# 78 Reflection subgroups

Let W be a finite Coxeter group, corresponding to a root system R in an Euclidean space V. Let S be the set of generators corresponding to some system of fundamental roots in R. Then {wsw^{-1} mid w in W, s in S} is the set of all reflections in W. A reflection subgroup H of W is a subgroup generated by the reflections it contains. If H is generated by reflections with respect to a subset of the fundamental roots it is called a standard parabolic subgroup of W. A parabolic subgroup is a subgroup H of W which is conjugate to some standard parabolic subgroup. A parabolic subgroup H is characterized among all reflection subgroups of W by the fact that the set of all roots in R for which the corresponding reflection lies in H is closed under (real) linear combinations.

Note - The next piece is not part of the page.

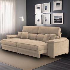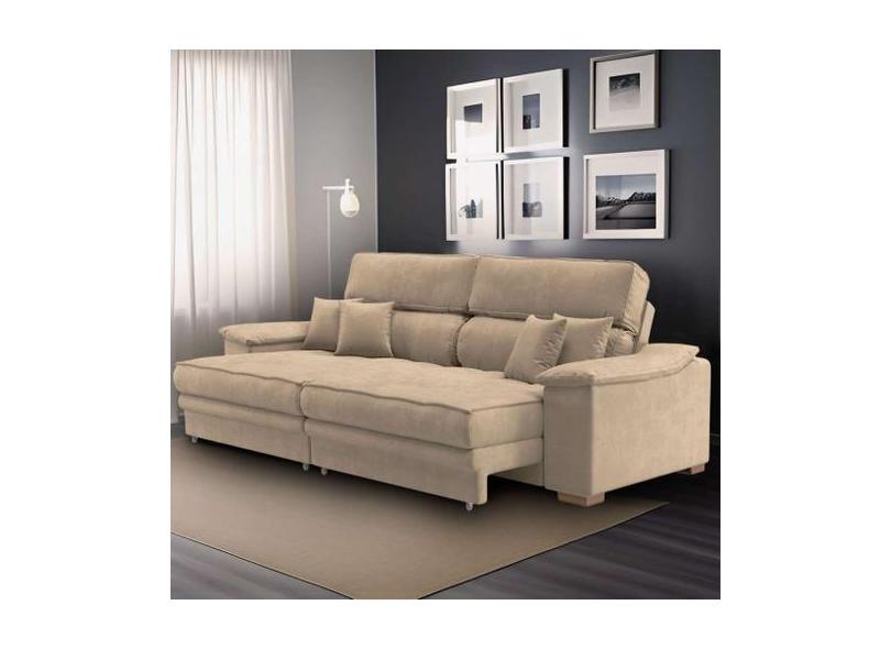 Sofá 3 Lugares Retrátil e Reclinável Nicolas Veludo Bege - Mobly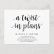 This is the modern minimal simple clean design themed, in Black font, Wedding party invitation Rescheduled (postponed / postponement) postcard (a twist in plans) . It is the perfect and elegant way to make the reschedule announcement to your friends and family.

It is a theorem discovered by Deodhar Deo89 and Dyer Dye90 independently at the same time that a reflection subgroup H has a canonical set of fundamental roots even if it is not parabolic: Let Q be the set of all roots for which the corresponding reflection lies in H; then a fundamental system of roots for H is given by the positive roots t in Q such that the set of roots whose sign is changed by the reflection with root t meets Q in the single element t. This is used by the routine `ReflectionSubgroup` to determine the root system Q of a reflection subgroup H. This function takes the original record for W and a list of indices for the roots as input.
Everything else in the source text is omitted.